Ce qui ne règle pas le problème des comptes personnels, enfin de ceux liés à des journalistes et des patrons de presse. Devraient-ils pouvoir gazouiller sur leur média, voire comme bon leur semble et sur tous les sujets? En fait, à l’oeil, la plupart se soumettent à des règles informelles en ne publiant pas n’importe quoi. On croise bien de petites dérives ou des insignifiances ici et là, mais, franchement, il s’en trouve beaucoup moins que sur certains sites des pros des nouveaux médias.

Celui de Michelle Blanc (qui vient de publier le guide Médias sociaux 101 sur du bon vieux papier) concentre l’autopromotion et le nombrilisme au pur jus. La semaine dernière, entre quelques liens de pro, madame causait vaginite. Du très profond ego inc.

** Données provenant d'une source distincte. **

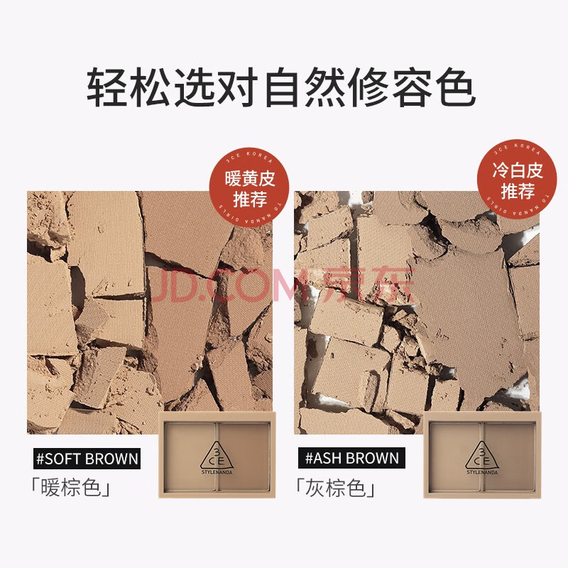 商品相册:3ce双色修容盘#SOFT BROWN暖棕色鼻影阴影高光哑光生日礼物送女友第
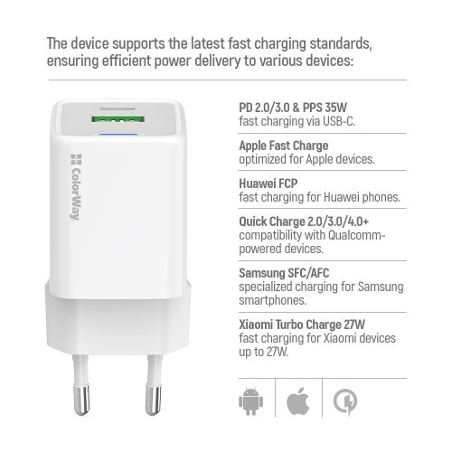 Síťová nabíječka ColorWay CW-CHS055PDC-WT představuje moderní řešení pro rychlé nabíjení vašich zařízení. Díky dvěma portům (USB-C a USB) umožňuje současné nabíjení dvou zařízení s celkovým výkonem až 35 W. Nabíječka podporuje pokročilé rychlonabíjecí technologie včetně PD 3.0 PPS, Quick Charge 3.0/4.0+ a mnoha dalších protokolů specifických pro jednotlivé výrobce.

«Plutôt que d’inventer des cas d’espèce fictifs comme certains autres auteurs qui ont écrit sur le sujet l’ont fait, j’utilise un cas qui est notoirement publicisé, pour faire diverses démonstrations de l’utilité des médias sociaux et il s’avère que ce cas est moi-même», a candidement expliqué Mme Blanc sur son blogue.

Fixer une limite plus claire

Franchement, qui se plaindrait si les journalistes fixaient une limite plus claire entre le privé et le public? Quoique, justement, le chroniqueur de La Presse Patrick Lagacé a twitté cette semaine qu’il n’avait pas et n’avait jamais eu de vaginite…

Faut-il donc distinguer les gazouillis des préposés à l’opinion et ceux des préposés aux faits? Ou bien l’un devient l’autre, et tout se mélange en 140 caractères, de tous les côtés, y compris le public et les marketologues?

Stéphane Baillargeon, Stéphane Baillargeon, Stéphane Baillargeon!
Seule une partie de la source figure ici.